Everything from the first line of the material to the line containing "Torch Ersalona Tas", inclusive, must be given again exactly; no pictures, and nothing past that line.

INFORMATION SHOWN -
____________
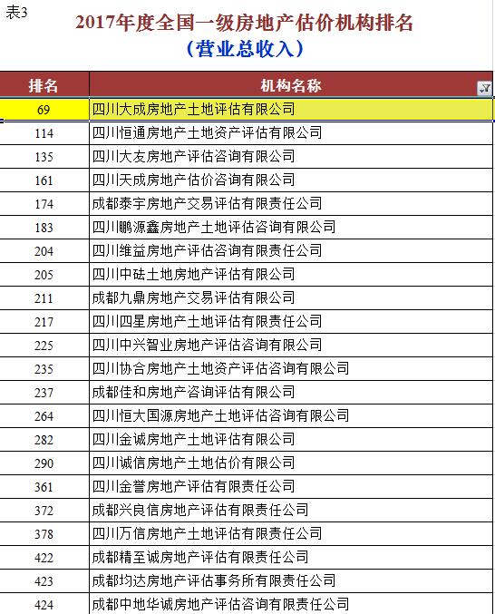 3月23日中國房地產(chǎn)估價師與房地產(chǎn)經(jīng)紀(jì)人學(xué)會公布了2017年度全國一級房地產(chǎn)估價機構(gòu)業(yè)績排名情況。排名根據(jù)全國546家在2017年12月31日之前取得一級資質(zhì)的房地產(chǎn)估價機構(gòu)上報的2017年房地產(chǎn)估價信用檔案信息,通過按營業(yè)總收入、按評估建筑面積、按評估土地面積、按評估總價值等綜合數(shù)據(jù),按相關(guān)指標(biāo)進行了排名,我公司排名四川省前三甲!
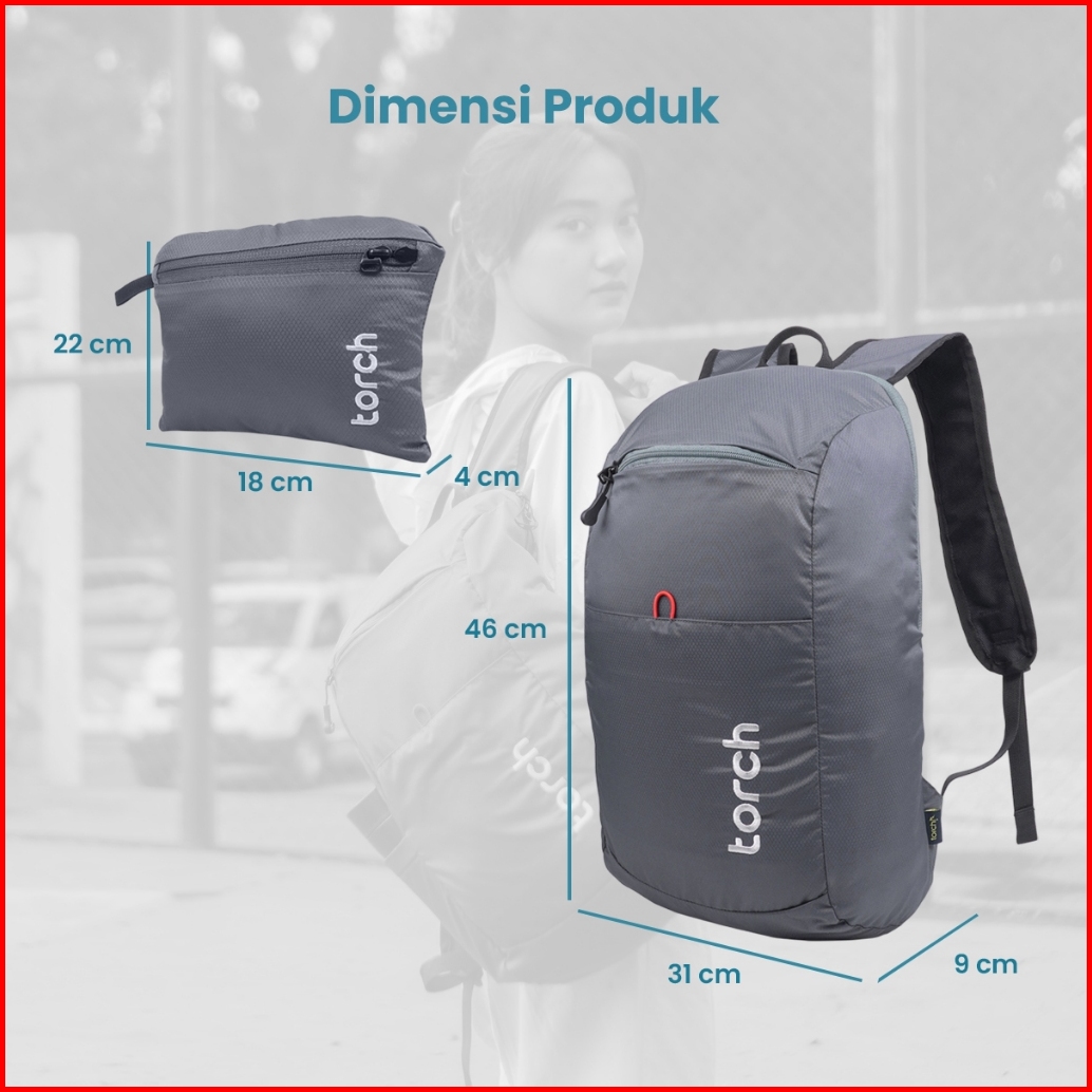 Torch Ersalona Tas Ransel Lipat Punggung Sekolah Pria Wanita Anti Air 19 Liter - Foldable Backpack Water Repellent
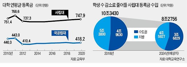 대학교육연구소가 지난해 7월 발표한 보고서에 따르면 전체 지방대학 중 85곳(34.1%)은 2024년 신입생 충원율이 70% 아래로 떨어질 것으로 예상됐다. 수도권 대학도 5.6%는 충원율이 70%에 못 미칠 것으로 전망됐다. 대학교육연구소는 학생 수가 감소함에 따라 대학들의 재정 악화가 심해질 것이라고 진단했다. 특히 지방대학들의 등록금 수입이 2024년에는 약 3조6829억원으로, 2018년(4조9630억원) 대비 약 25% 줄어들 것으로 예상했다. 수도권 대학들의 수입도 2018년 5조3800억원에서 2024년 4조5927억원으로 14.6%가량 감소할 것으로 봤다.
____________
TASK RESPONSE -
 3月23日中國房地產(chǎn)估價師與房地產(chǎn)經(jīng)紀(jì)人學(xué)會公布了2017年度全國一級房地產(chǎn)估價機構(gòu)業(yè)績排名情況。排名根據(jù)全國546家在2017年12月31日之前取得一級資質(zhì)的房地產(chǎn)估價機構(gòu)上報的2017年房地產(chǎn)估價信用檔案信息,通過按營業(yè)總收入、按評估建筑面積、按評估土地面積、按評估總價值等綜合數(shù)據(jù),按相關(guān)指標(biāo)進行了排名,我公司排名四川省前三甲!
 Torch Ersalona Tas Ransel Lipat Punggung Sekolah Pria Wanita Anti Air 19 Liter - Foldable Backpack Water Repellent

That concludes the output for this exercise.